Eastern Cape Teachers visit Floreat, Square Hill and Cafda SOS

A few of the Eastern Cape Educators

Today was an exciting day.  Our Circuit in Metro South Education District (MSED), hosted 8 of the 51-strong teacher delegation from the Eastern Cape.  The teachers are all senior management team (SMT) members at their respective schools.  The schools that hosted the Eastern Cape group were Floreat Primary School, Square Hill Primary School and Cafda School of Skills. After their 3-hour visit at the host schools, Noel Isaacs and Lavinia Davis joined us at Cafda SOS for a reflection session. We were keen to hear what their experiences were like.
Rhoda Manual( Deputy Principal) Leonard Hendricks(Principal, Cafda SOS), Kay  Spiers

During the reflection session we learned these five lessons:

LESSON 1: Teachers know what they need and what they want.

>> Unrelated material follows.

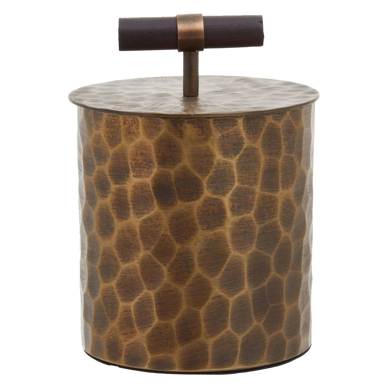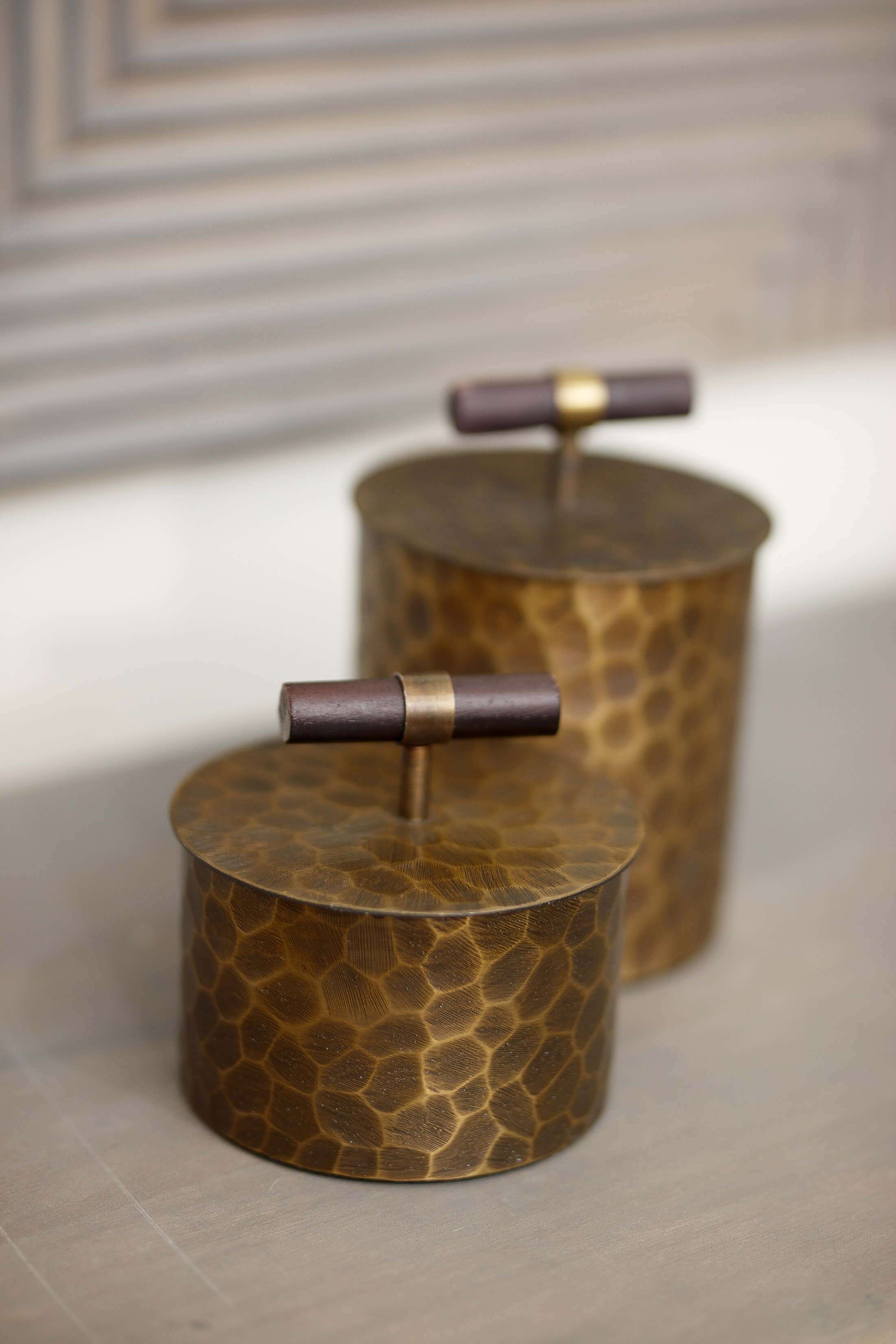 Introducing our Sula Trinket Box with Handle, a luxurious addition to any space. This elegant piece boasts an antique gold finish, intricately hand-hammered patterns for a rich, deep texture, and a distinctive T-shaped wooden handle. Perfect for adding a touch of sophistication to your home decor.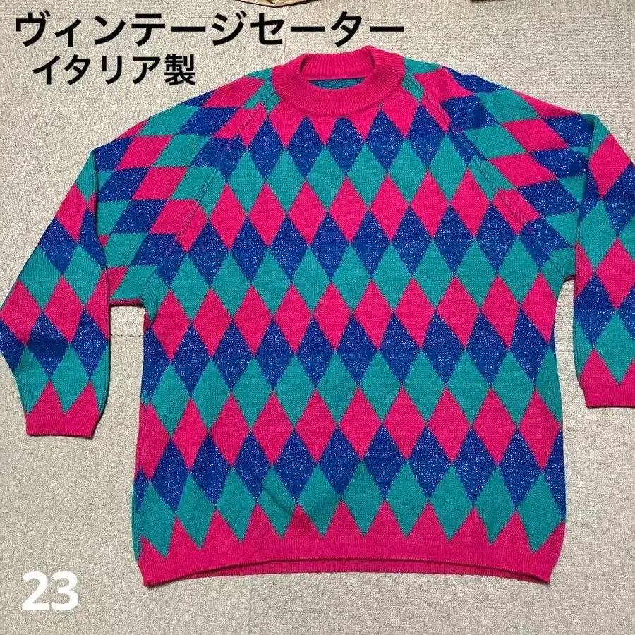 빈티지 이탈리아제 컬러풀 다이아몬드 패턴 니트 스웨터

In the absence of a pre-determined programme, Noel, Lavinia and Leonard and their visitors negotiated the terms of reference to maximise their time together.  What was powerful was that all three teams had central thrusts: how the SMTs worked at their host school, demonstrations on the financial management, the management of staff development and requests to observe classroom practice.  All these requests were honoured although everybody reported that the time was way too short.  There is a definite hunger for information of practical, implementable strategies by our Eastern Cape counterparts. At each of the schools each of the teams requested hard copies of all organisational and management planning documents.  The three teams expressed their appreciation for demonstration sessions on the areas that they had highlighted. What was a wonderful expression of comraderie was the Welcome Gift pack that each school presented to their visitors. One educator boasted about his Square Hill branded peak cap he had received and others showed off their packs with pride. Can you imagine how proud we were of our ambassadors?
Lavinia Davis (Square Hill Principal) and her two Eastern Cape visitors

LESSON 2: The crisis indications of our education system and our society cut across geographic space.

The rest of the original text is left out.